When COVID-19 first hit, there were many things we feared, none more than the uncertainty of what was to come. However, when it came to the distance between us that the pandemic produced, I wondered if Christmas had come early, so to speak. A season of isolation and separation? No public engagements? Sign me up! I've been training for this way of living my whole life! And yet, as the weeks and months drudged on, it was not the romance I had built up in my mind. Quite the opposite. I became more irritable, more anxious, and more sad.


This made no sense. I was living the introverts dream and reaping none of the emotional benefits. The more time passed, this inexplicable thought crept into my consciousness and would not abate: could it be that I miss people? And not just any people!? Anthem people!?


But it was true. This saltier, older, introvertier (spell check says that's not a word), preacher missed his congregation. Not his audience. It wasn't a crowd that I longed for, but persons. Relationships. And if I, the king of all introverts, was experiencing quarantine this way, what must others be feeling!? That's when I knew, this kind of separation was not healthy, tenable or wise for any people, much less God's people. Some things, as we are learning, are more dangerous than a virus.
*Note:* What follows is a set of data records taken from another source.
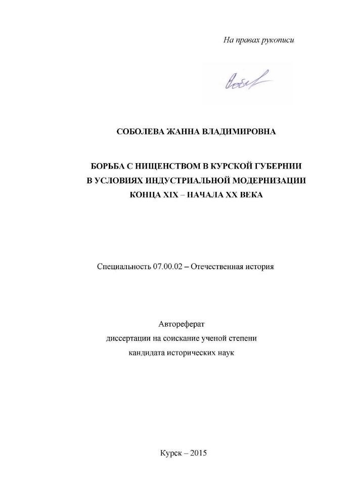 Борьба с нищенством в Курской губернии в условиях индустриальной модернизации конца XIX - начала XX века : автореферат дис. ... кандидата исторических наук : 07.00.02 / Соболева Жанна Владимировна ; [Место защиты: Кур. гос. ун-т]. - Курск, 2015. -26 с.. -
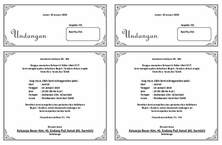 Contoh Undangan Tahlil 2 Lembar Contoh Isi Undangan - Cute766
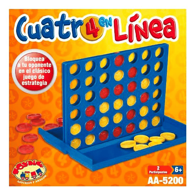 Código: AA-5200Edad: 6 años +Bloquea a tu oponente en el clásico juego de estrategia. El objetivo del juego es formar una fila de 4 fichas del mismo color ya sea de forma horizontal, vertical o diagonal. El juego consta de 1 tablero plástico de 25.5cm de largo por 19cm de ancho por 20cm de alto y 44 fichas redondas de plástico de 3cm de diámetro en dos colores: rojas y amarillas (22 fichas por color). Cantidad de jugadores: 2 participantes. La caja mide 28*28*4cm.
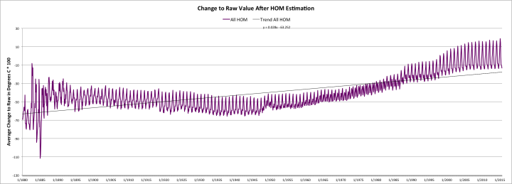 FIGUIRE 1: CHANGE TO RAW DATA AFTER HOMOGENIZATION ESTIMATIONThe Y-axis it “average change to raw in degrees C x100. The X-axis is years beginning in 1880 to the present.
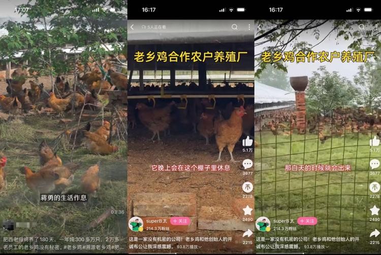 大众印象中,土鸡与大棚养殖鸡的主要区别之一就在于是否散养。何况老乡鸡在多个自媒体出镜的视频中,虽未直接提到散养二字,但也着力营造老母鸡在草地间悠哉踱步的氛围。
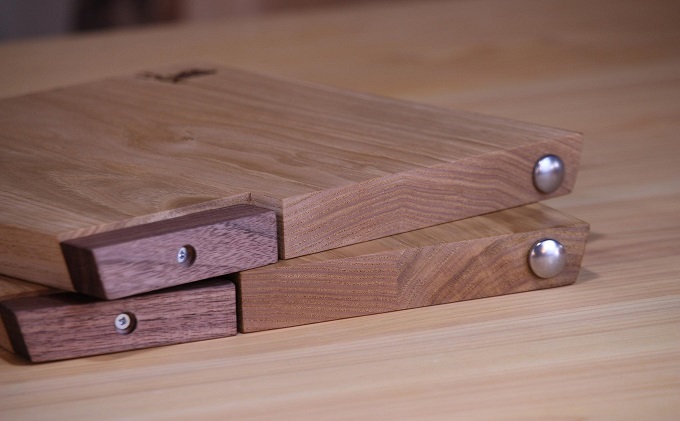 まな板を正面にし上下の側面は斜めにカットしてあるので爪も引っかからず、スムーズに持ち運びできます。(写真5枚目)
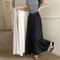 French acetic acid satin fishtail skirt for women in summer new high waist cover hips to make them look thin and drooping A-line long skirt
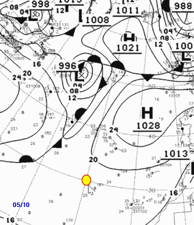 - Du 30.4 N -31.8 W le 5 octobre, à 500 milles au S/SW des Açores, la dépression parcourt 550 milles pour se retrouver au 30.3 N -39.9 W, le 8 octobre, à 700 milles dans les SW des Açores. Le lendemain, le 9, le NHC déclarera son potentiel cyclonique
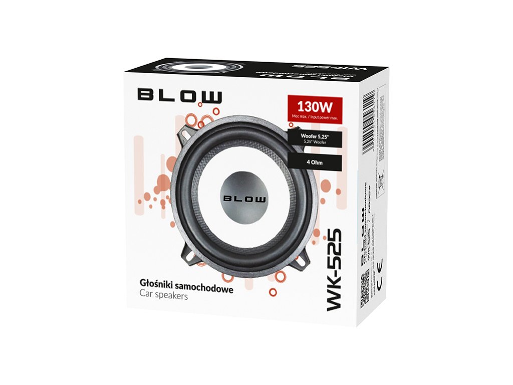 Blow 5,25'' Woofer mélysugárzó 130W maximális teljesítménnyel. Kiváló minőségű kivitelezésének és vonzó színeinek köszönhetően a hangszórónak tökéletesen illeszkednie kell bármely autó belsejébe. A kivételesen nagy átmérő és a jó alkatrészparaméterek tiszta és dinamikus hangzást, valamint figyelemre méltó zenei élményt nyújtó széles frekvenciatartományt biztosítanak.Vonzó megjelenés és masszív kivitelezés

If nothing else, I now knew how much I loved my people and loved being with them. It only took a global crisis to confirm what years of preaching had been trying to show me. Anthem, take it from this still reforming need people. Not just your blood family, or those you choose, but the church family God has given you. More now than ever.


These two major reflections are a part of a series of reflections that I intend to share during our next preaching series. For the lenten season, as we take a break from Genesis, we will start a topical series entitled: "The Pastor's Confessional". This series is not intended to be self-serving, self-promoting, or self-depreciating. It is intended to show you, through 20-years of preaching experience, how God changes people and continues to change people....even me. The focus and glory will belong to God alone, for he alone is responsible for this good work through hard every hard season of my life. Together, I hope we are encouraged, edified, and emboldened to good works because of our good God, just as I have been. Happy anthemversary/birthday to me, for the Lord has made me glad.

"For you, O LORD, have made me glad by your work; at the works of your hands I sing for joy." -Psalm 92:4

The Pastor's Confessional starts Sunday, March 7th at Anthem Church.



Daniel Jones - February 4th, 2021 at 9:22pm

Thank you

Maria Garcia - February 7th, 2021 at 4:11pm

Wow very inspiring. Happy Anniversary/Birthday!